The three obliged, umbrellas bumping each other and people passing in front of the camera. Christy snapped the picture, then turned around and snapped a shot of the street behind them with a black taxi and a red bus passing each other in the heavy traffic.

“Do you want to see the River Thames?” Doug asked. “According to this map, it’s right over there, beyond that park.”

“What’s to see?” Katie asked.

“It’s a famous river.” Doug said. “Come on. Have a little adventure, Katie.”

“I did have a little adventure. I saw Big Ben. Now I want a big adventure. I want to see the jewels and the guards in the big furry hats.”

“We’re so close to the river.” Tracy said. “Maybe we should look at it so we can at least say we saw it.”

“Whatever we do, could we take a bus?” Christy asked. “My legs are freezing!” She wished she had taken the time to put on a pair of tights when they were at the hotel. She felt cold. Wet cold. Miserable cold.

“It’s only a quick walk to the river,” Doug said, taking Christy’s hand. “If we walk fast, you’ll warm up. Come on.”

Off they went to the river. In Katie’s words, the wide, gray, fog-mantled water looked “like Big Ben, only horizontal and without numbers.”

They were hoofing it back to catch another bus when Tracy noticed an old, interesting-looking building on their left.

“Let’s check the tour book, Doug. I’m sure that’s something important.” Tracy said.

Christy hated standing still in the drizzle. She stomped her feet to get them warm and to shake the chill off her legs. “You guys,” Tracy exclaimed, “that’s Westminster Abbey!”

“Great.” said Katie. “What’s that?”

“It’s a very old church.” Tracy said, scanning the tour book. “It says here that this site was first used as a place of worship in the year A.D. 604. Can you even imagine how old that is? And listen to this: ‘Since the eleventh century. the church has been the coronation site of English kings and queens.’ We have to see it, you guys. There’s a bunch of famous people buried there. Charles Dickens is buried there!”
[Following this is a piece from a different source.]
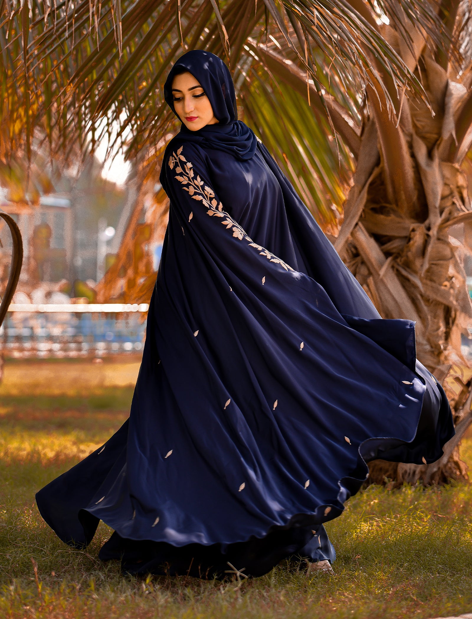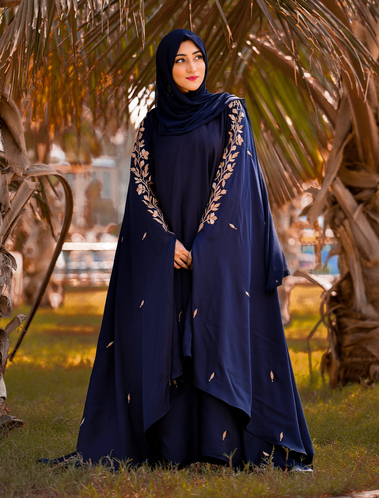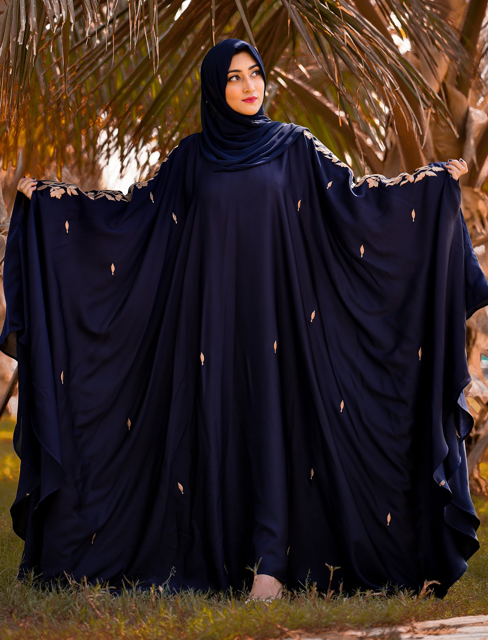 A luxury abaya made of premium quality Nidah Fabric. This abaya has a butterfly style and intricate embroidery from sleeves to shoulder to the neckline.

Katie noticed that the drizzle had let up and closed her umbrella while Tracy was reading. With squinting eyes she moved in for a closer look at Tracy. “Are you serious here, girl? You really want to go look at a bunch of old dead people?”
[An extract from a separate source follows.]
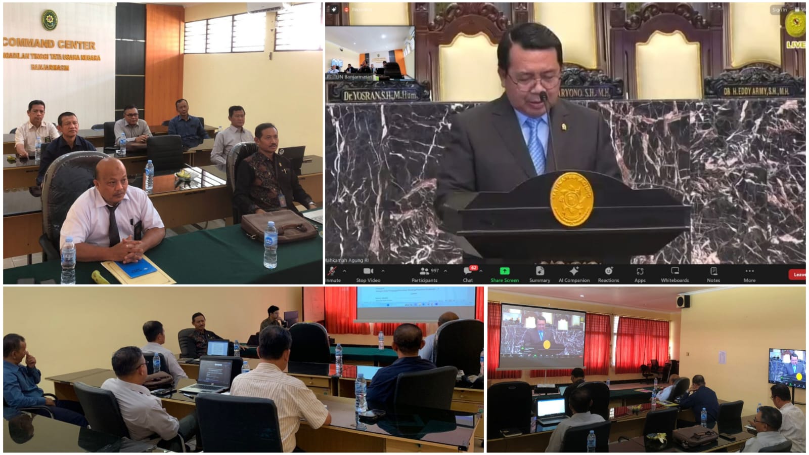 Banjarbaru | Rabu, 06 Desember 2023. Ketua Pengadilan Tinggi Tata Usaha Negara Banjarmasin Dr. H. Bambang Heriyanto, S.H., M.H. beserta Hakim Tinggi dan Panitera mengikuti Webinar Bersama Antara Mahkamah Agung dan Kementerian Agraria dan Tata Ruang/Kepala Badan Pertanahan Nasional secara daring di Command Center Pengadilan Tinggi Tata Usaha Negara Banjarmasin.

“This is Westminster Abbey. It’s famous, Katie!”

“Well, so was Big Ben. And that turned out to be a real dud!”

“Can I cut in here, you two?” Doug closed his umbrella and stepped in between them. “I think we’re all pretty tired and hungry. Why don’t we find someplace to eat and decide what to do next after we’ve had some food.”

“Great idea,” Christy said. “I’m freezing. I think my socks got wet. My feet are numb.”

“What do you say, ladies? A nice spot of tea, perhaps?”

They couldn’t help but release their tension when they heard Doug try a British accent on his last sentence. Then following their trail back up the road toward Trafalgar Square, the four cold, wet, weary travelers went in search of a quiet little restaurant and a hot cup of tea.